Error acceptable step or module 310 may determine whether the error
data 1504 produced by the support vector machine 1206 is within an
acceptable metric, indicating error that the support vector machine
1206 is providing output data 1218 that is close enough to the
training input data 1306 to permit the use of the output data 1218
from the support vector machine 1206. In other words, an acceptable
error may indicate that the support vector machine 1206 has been
"trained" as training is specified by the user of the system and
method of one embodiment of the present invention. A representative
example of the error acceptable step or module 310 is shown in FIG.
15, which is discussed in detail below.
[0297] If an unacceptable error is determined by error acceptable
step or module 310, an order pointer 322 indicates that the step or
module 104 returns to the wait training data interval step or
module 304. In other words, when an unacceptable error exists, the
step or module 104 has not completed training the support vector
machine 1206. Because the support vector machine 1206 has not
completed being trained, training may continue before the system
and method of one embodiment of the present invention may move to a
step or module 106 discussed below.
[0298] In contrast, if the error acceptable step or module 310
determines that an acceptable error from the support vector machine
1206 has been obtained, then the step or module 104 has trained
support vector machine 1206. Since the support vector machine 1206
has now been trained, step or module 104 may allow the system and
method of one embodiment of the present invention to move to the
steps or modules 106 and 112 discussed below. The specific
embodiments for step or module 104 are now discussed.

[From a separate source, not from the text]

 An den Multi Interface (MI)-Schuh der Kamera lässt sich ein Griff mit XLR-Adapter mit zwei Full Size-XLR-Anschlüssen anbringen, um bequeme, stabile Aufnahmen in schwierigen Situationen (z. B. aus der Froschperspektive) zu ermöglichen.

[0299] 1. Configure Support Vector Machine Step or Module 302
[0300] Referring now to FIG. 12, a representative embodiment of the
configure support vector machine step or module 302 is shown. This
step or module 302 may allow the uses of one embodiment of the
present invention to both configure and re-configure the support
vector machine. Referring now to FIG. 12, the order pointer 120
indicates that the first step or module may be a specify training
and prediction timing control step or module 802. Step or module
802 may allow the person configuring the system and method of one
embodiment of the present invention to specify the training
interval(s) and the prediction timing interval(s) of the support
vector machine 1206.
[0301] FIG. 33 shows a representative embodiment of the step or
module 802. Referring now to FIG. 33, step or module 802 may be
made up of four steps and/or modules 3102, 3104, 3106, and 3108.
Step or module 3102 may be a specify training timing method step or
module. The specify training timing method step or module 3102 may
allow the user configuring one embodiment of the present invention
to specify the method or procedure to be followed to determine when
the support vector machine 1206 is being trained. A representative
example of this may be when all of the training data has been
updated. Another example may be the lapse of a fixed time interval.

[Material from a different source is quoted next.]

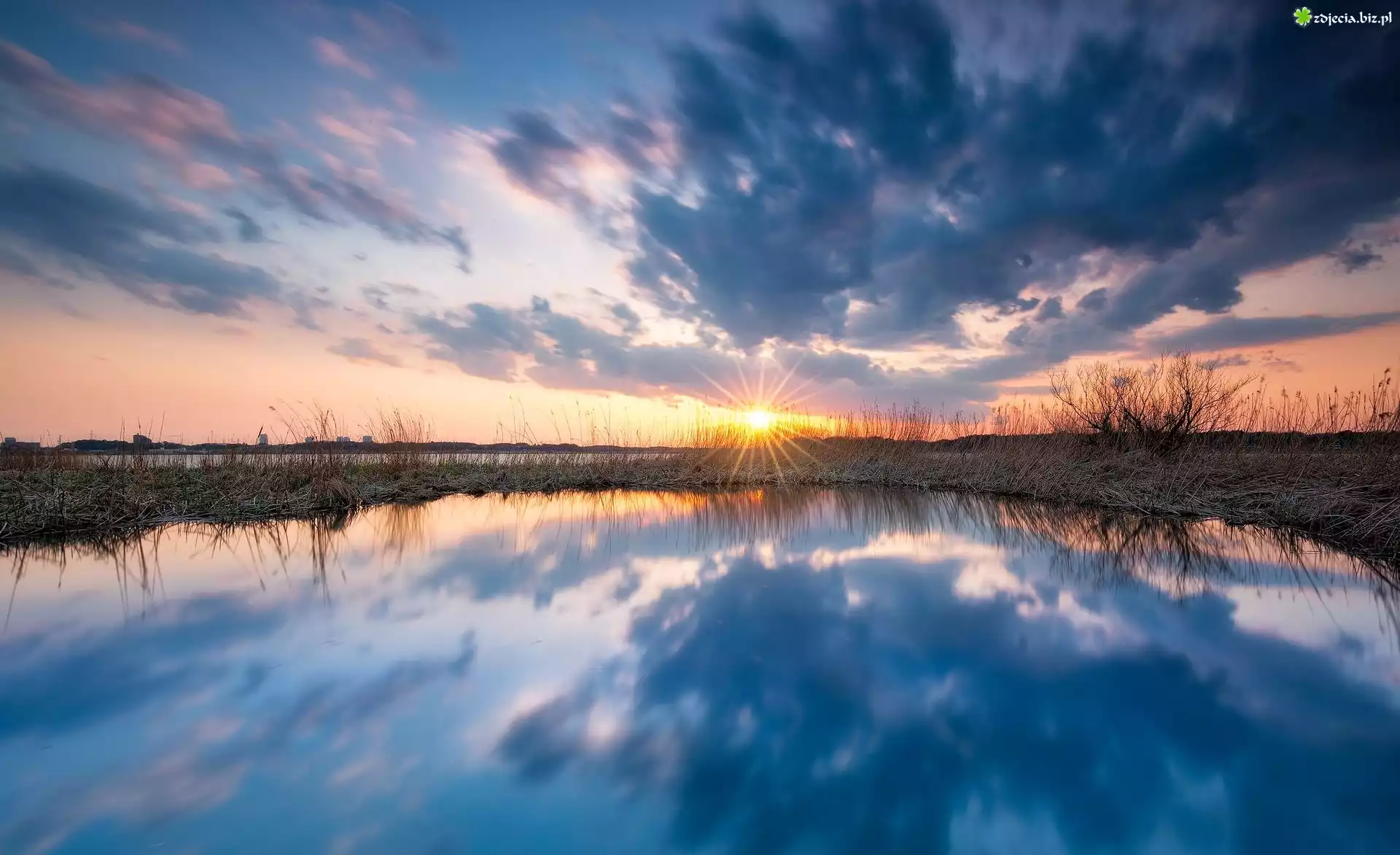 Zdjęcie Jezioro, Zachód słońca, Chmury, Roślinność

Other methods and procedures may be utilized.
[0302] An order pointer indicates that a specify training timing
parameters step or module 3104 may then be carried out by the user
of one embodiment of the present invention. This step or module
3104 may allow for any needed training timing parameters to be
specified. It should be realized that the method or procedure of
step or module 3102 may result in zero or more training timing
parameters, each of which may have a value. This value may be a
time value, a module number (e.g., in the modular embodiment of the
present invention of FIG. 19), or a data pointer. In other words,
the user may configure one embodiment of the present invention so
that considerable flexibility may be obtained in how training of
the support vector machine 1206 may occur, based on the method or
procedure of step or module 3102.
[0303] An order pointer indicates that once the training timing
parameters 3104 have been specified, a specify prediction timing
method step or module 3106 may be configured by the user of one
embodiment of the present invention. This step or module 3106 may
specify the method or procedure that may be used by the support
vector machine 1206 to determine when to predict output data values
1218 after the SVM has been trained. This is in contrast to the
actual training of the support vector machine 1206. Representative
examples of methods or procedures for step or module 3106 may
include: execute at a fixed time interval, execute after the
execution of a specific module, and execute after a specific data
value is updated. Other methods and procedures may also be
used.
[0304] An order indicator in FIG. 33 shows that a specify
prediction timing parameters step or module 3108 may then be
carried out by the user of one embodiment of the present invention.
Any needed prediction timing parameters for the method or procedure
of step or module 3106 may be specified. For example, the time
interval may be specified as a parameter for the execute at a
specific time interval method or procedure. Another example may be
the specification of a module identifier when the execute after the
execution of a particular module method or procedure is specified.
Another example may be a data pointer when the updating of a data
value method or procedure is used. Other operation timing
parameters may be used.
[0305] Referring again to FIG. 12, after the specify training and
prediction timing control step or module 802 has been specified, a
specify support vector machine size step or module 804 may be
carried out. This step or module 804 may allow the user to specify
the size and structure of the support vector machine 1206 that is
used by one embodiment of the present invention.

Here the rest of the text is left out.